Work task: Reproduce the listing below word for word, with no pictures.

Data extract:
== == ==

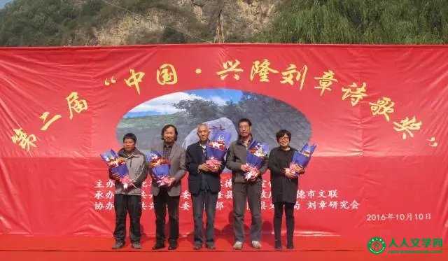 事实证明,他的“文化平台”搭建得非常有效。自从“诗上庄”这块牌子挂起来后,这个小山村真的被诗歌改变了。燕山采来的大石头,被拾掇干净,一溜一溜地立在路边,刻着一行行的诗。一块像打开的小学生作业本的石台上,刻满了一百多位诗人的名字。一张别具一格的“中国诗人地图”也挂在他的办公室中。他就像种庄稼似的“种诗歌”,让诗的花朵开满了村庄。连墙上刻的村里的乡规,也是这样的诗句:“……山与山斗雄奇,水与水比香甜,户与户赛文明,人与人争贡献……粗看都是废物,细观都是宝物,粗看都是俗人,细品都是雷锋……”在诗上庄,诗是头上的蓝天、山间的泉水、坡上的玉米地,不仅成了老百姓日子的一部分,而且还吸引了大批诗人和游人的关注。上庄诗歌馆,已经收集了数十位诗人的诗稿和题词。一本村级诗刊《诗上庄》,也时常刊发名家的新作。村歌《我的上庄》已在村民中唱响:“小河清清淌,鸟儿把歌唱,春来山花笑,金秋果飘香。”2014年和2016年,“中国·兴隆刘章诗歌奖”已举办了两届。2015年,首届“诗上庄国际诗歌论坛”在上庄村举办,海内外诗人齐聚一堂,小山村成了诗的海洋。在今年秋季,“诗上庄”还将举办“第二届诗上庄国际诗歌论坛”,届时将有十多个国家的诗人来到上庄,又是一场诗歌的盛会!
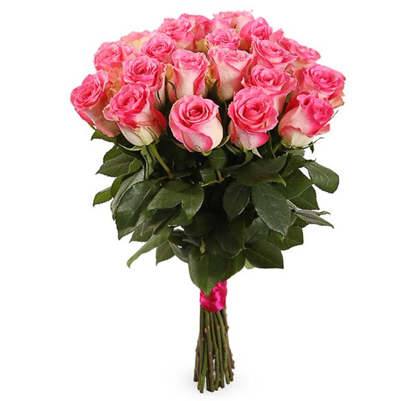 Букет состоит из 21 розовая роза, прозрачная упаковка, атласная лента.
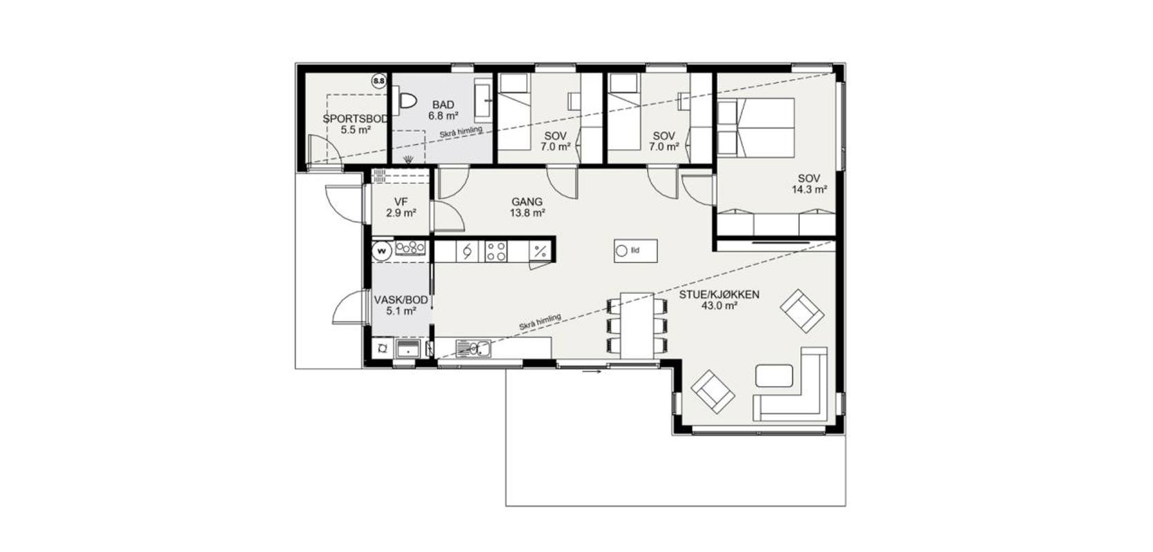 En annen fordel med Lindås er pulttaket som gir ekstra takhøyde i stuen og oppholdsrommet. Dette skaper en luftig og romslig atmosfære, samtidig som det slipper inn rikelig med naturlig lys gjennom de mange vindusflatene. Den åpne planløsningen mot kjøkkenet gir en følelse av sammenheng, samtidig som kjøkkenet er delvis avskjermet. Fra kjøkkenet har du også tilgang til vaskerommet.

== == ==

Solution to the problem:
 事实证明,他的“文化平台”搭建得非常有效。自从“诗上庄”这块牌子挂起来后,这个小山村真的被诗歌改变了。燕山采来的大石头,被拾掇干净,一溜一溜地立在路边,刻着一行行的诗。一块像打开的小学生作业本的石台上,刻满了一百多位诗人的名字。一张别具一格的“中国诗人地图”也挂在他的办公室中。他就像种庄稼似的“种诗歌”,让诗的花朵开满了村庄。连墙上刻的村里的乡规,也是这样的诗句:“……山与山斗雄奇,水与水比香甜,户与户赛文明,人与人争贡献……粗看都是废物,细观都是宝物,粗看都是俗人,细品都是雷锋……”在诗上庄,诗是头上的蓝天、山间的泉水、坡上的玉米地,不仅成了老百姓日子的一部分,而且还吸引了大批诗人和游人的关注。上庄诗歌馆,已经收集了数十位诗人的诗稿和题词。一本村级诗刊《诗上庄》,也时常刊发名家的新作。村歌《我的上庄》已在村民中唱响:“小河清清淌,鸟儿把歌唱,春来山花笑,金秋果飘香。”2014年和2016年,“中国·兴隆刘章诗歌奖”已举办了两届。2015年,首届“诗上庄国际诗歌论坛”在上庄村举办,海内外诗人齐聚一堂,小山村成了诗的海洋。在今年秋季,“诗上庄”还将举办“第二届诗上庄国际诗歌论坛”,届时将有十多个国家的诗人来到上庄,又是一场诗歌的盛会!
 Букет состоит из 21 розовая роза, прозрачная упаковка, атласная лента.
 En annen fordel med Lindås er pulttaket som gir ekstra takhøyde i stuen og oppholdsrommet. Dette skaper en luftig og romslig atmosfære, samtidig som det slipper inn rikelig med naturlig lys gjennom de mange vindusflatene. Den åpne planløsningen mot kjøkkenet gir en følelse av sammenheng, samtidig som kjøkkenet er delvis avskjermet. Fra kjøkkenet har du også tilgang til vaskerommet.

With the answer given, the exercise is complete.